Looking ahead, the firm may also pair CT7439 with other drugs. And while a PARP inhibitor does seem like the obvious partner of choice, it's not the only possibility. 

McIntosh said Carrick may explore combination approaches with treatments implicated in DNA damage, potentially including platinum-based chemotherapy and irinotecan topoisomerase I inhibitors. There's also the possibility that CT7439 could drive some neoantigen expression and immunogenic cell death, which could open up the possibility of combining it with immunotherapy, McIntosh said. 

The firm is hoping to share early data from the new trial during the second half of 2025. Those data, McIntosh said, should inform Carrick's future development decisions for CT7439. 

While CT7439 may be the first CDK12/13 inhibitor to enter the clinic, it isn't Carrick's first CDK inhibitor to enter human trials. The firm is also studying the CDK7 inhibitor samuraciclib in hormone receptor-positive, HER2-negative advanced breast cancer. 

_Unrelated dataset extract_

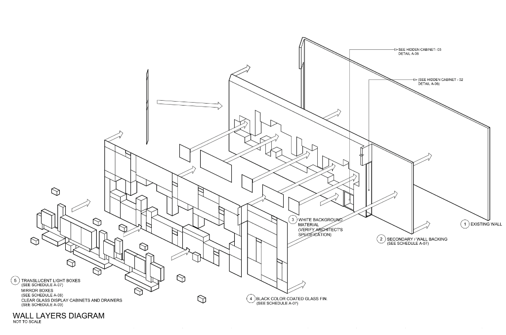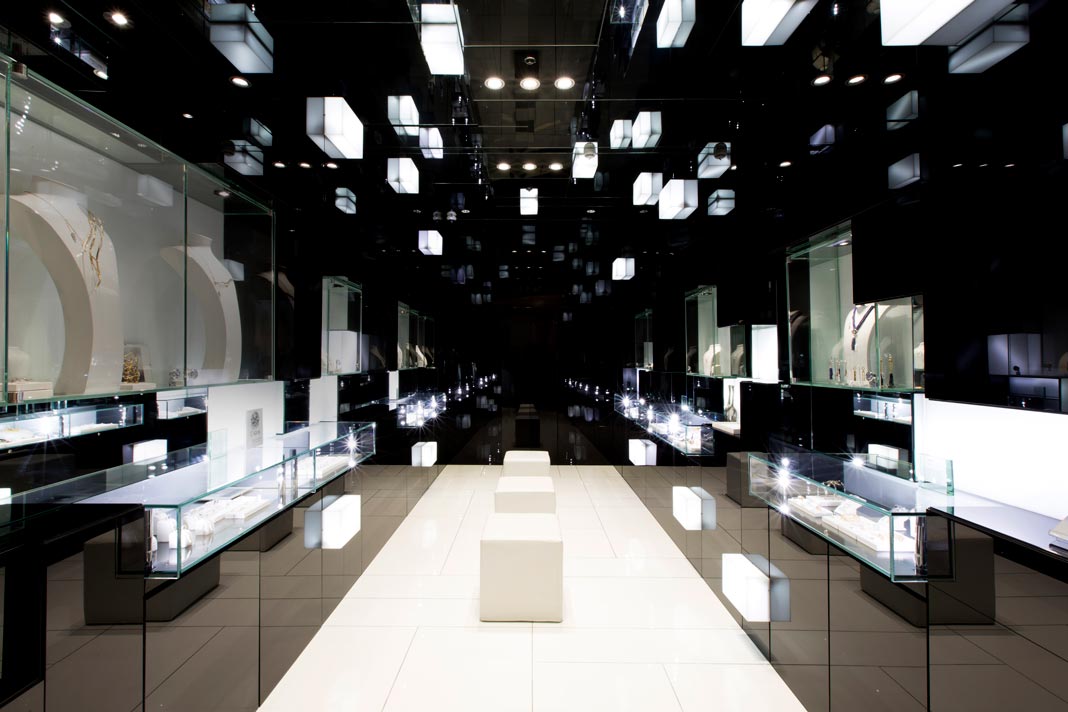 “We were inspired by an Arturo Luz painting, a black Armani dress, and a diamond mine,” recounts Austria, whose expertise, the color-blind Sunga says, is working with color, texture and material. They arrived at the concept of a diamond in the rough. Says Sunga: “Entering a diamond mine, you see the crystals attached to the walls, so we took off from that, abstracting the essence of a diamond mine to display the jewelry, which also suits Denovo because they’re new to the business of jewelry. They too are like diamonds in the rough… that’s the architectural allegory.”

"We were able to build on that [samuraciclib] expertise, and our in-house chemistry, to develop our CDK12 inhibitor," McIntosh said. 

In that Phase II trial of samuraciclib, Carrick is evaluating it with or without fulvestrant. The firm has also inked deals with Roche, Menarini Group, and Arvinas and Pfizer to study samuraciclib combined with selective endocrine receptor degraders (SERDs). 

For instance, Carrick and Menarini Group are studying samuraciclib plus Menarini's Orserdu (elacestrant) in HR-positive, HER2-negative metastatic breast cancer patients whose tumors have developed resistance to CDK4/6 inhibitors. Carrick is also studying samuraciclib combined with Roche's investigational SERD gerdestrant and Arvinas and Pfizer's investigational estrogen receptor protein degrader vepdegestrant

"We have a compelling hypothesis [with samuraciclib] that has generated interest from major pharma, and now we need to generate the Phase III data," McIntosh said. 

Depending on the outcomes of these studies, Carrick could be making Phase III development decisions for samuraciclib "in the not too distant future," according to McIntosh. 

In the samuraciclib development program, Carrick is considering selecting patients based on TP53 mutation status. "The CDK7 inhibitor has a couple of very interesting signals, including the TP53 status of the patient, which could be very relevant to how that therapy performs," he said. 

The firm is hoping to make these decisions sometime in 2025 and potentially start Phase III development for samuraciclib in 2026. 

And while Carrick is currently refining the strategies for its two lead CDK inhibitors, McIntosh said the firm "would like to continue its drug hunting and find other pathways of interest to [develop] useful options for patients."